Task statement: Repeat exactly, please, the opening lines of the data below, through and including the line where "Fabricada en acero" sits.

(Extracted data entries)
++++++++++

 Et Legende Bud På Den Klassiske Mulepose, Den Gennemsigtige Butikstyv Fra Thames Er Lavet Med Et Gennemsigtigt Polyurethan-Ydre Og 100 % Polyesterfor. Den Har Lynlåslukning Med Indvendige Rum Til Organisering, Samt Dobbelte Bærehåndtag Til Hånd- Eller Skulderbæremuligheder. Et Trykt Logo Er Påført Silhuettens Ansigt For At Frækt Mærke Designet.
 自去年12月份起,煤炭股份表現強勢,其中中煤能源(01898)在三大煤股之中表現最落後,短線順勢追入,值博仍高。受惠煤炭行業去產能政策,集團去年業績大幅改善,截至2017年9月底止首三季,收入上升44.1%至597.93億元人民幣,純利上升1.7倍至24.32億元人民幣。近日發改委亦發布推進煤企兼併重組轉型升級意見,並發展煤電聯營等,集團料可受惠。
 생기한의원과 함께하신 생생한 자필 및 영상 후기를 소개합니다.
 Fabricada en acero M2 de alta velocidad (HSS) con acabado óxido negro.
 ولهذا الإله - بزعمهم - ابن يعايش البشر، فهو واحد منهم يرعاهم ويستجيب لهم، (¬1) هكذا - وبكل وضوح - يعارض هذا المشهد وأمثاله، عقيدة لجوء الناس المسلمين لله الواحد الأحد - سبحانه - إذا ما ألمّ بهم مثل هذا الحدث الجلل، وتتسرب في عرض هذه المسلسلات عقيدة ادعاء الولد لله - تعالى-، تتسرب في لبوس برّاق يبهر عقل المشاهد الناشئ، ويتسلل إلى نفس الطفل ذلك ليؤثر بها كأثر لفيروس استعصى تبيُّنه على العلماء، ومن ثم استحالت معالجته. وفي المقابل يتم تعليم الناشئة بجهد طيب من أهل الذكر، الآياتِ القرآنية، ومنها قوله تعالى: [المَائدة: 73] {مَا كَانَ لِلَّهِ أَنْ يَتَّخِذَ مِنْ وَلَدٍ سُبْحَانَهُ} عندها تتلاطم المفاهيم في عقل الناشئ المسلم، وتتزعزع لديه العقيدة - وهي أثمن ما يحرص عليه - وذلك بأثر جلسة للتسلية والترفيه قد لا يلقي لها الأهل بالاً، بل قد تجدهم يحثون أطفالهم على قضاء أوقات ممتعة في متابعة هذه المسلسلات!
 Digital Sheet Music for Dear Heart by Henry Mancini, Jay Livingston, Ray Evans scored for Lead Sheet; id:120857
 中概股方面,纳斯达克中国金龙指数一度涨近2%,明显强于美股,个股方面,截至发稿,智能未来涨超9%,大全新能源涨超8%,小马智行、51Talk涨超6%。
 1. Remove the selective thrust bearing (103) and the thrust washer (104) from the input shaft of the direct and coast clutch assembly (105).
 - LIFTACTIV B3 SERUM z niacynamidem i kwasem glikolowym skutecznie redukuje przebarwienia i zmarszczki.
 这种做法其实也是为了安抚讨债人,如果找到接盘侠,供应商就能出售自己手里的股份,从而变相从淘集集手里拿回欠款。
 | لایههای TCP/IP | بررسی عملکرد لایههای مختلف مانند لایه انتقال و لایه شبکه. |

++++++++++

Answer below:
 Et Legende Bud På Den Klassiske Mulepose, Den Gennemsigtige Butikstyv Fra Thames Er Lavet Med Et Gennemsigtigt Polyurethan-Ydre Og 100 % Polyesterfor. Den Har Lynlåslukning Med Indvendige Rum Til Organisering, Samt Dobbelte Bærehåndtag Til Hånd- Eller Skulderbæremuligheder. Et Trykt Logo Er Påført Silhuettens Ansigt For At Frækt Mærke Designet.
 自去年12月份起,煤炭股份表現強勢,其中中煤能源(01898)在三大煤股之中表現最落後,短線順勢追入,值博仍高。受惠煤炭行業去產能政策,集團去年業績大幅改善,截至2017年9月底止首三季,收入上升44.1%至597.93億元人民幣,純利上升1.7倍至24.32億元人民幣。近日發改委亦發布推進煤企兼併重組轉型升級意見,並發展煤電聯營等,集團料可受惠。
 생기한의원과 함께하신 생생한 자필 및 영상 후기를 소개합니다.
 Fabricada en acero M2 de alta velocidad (HSS) con acabado óxido negro.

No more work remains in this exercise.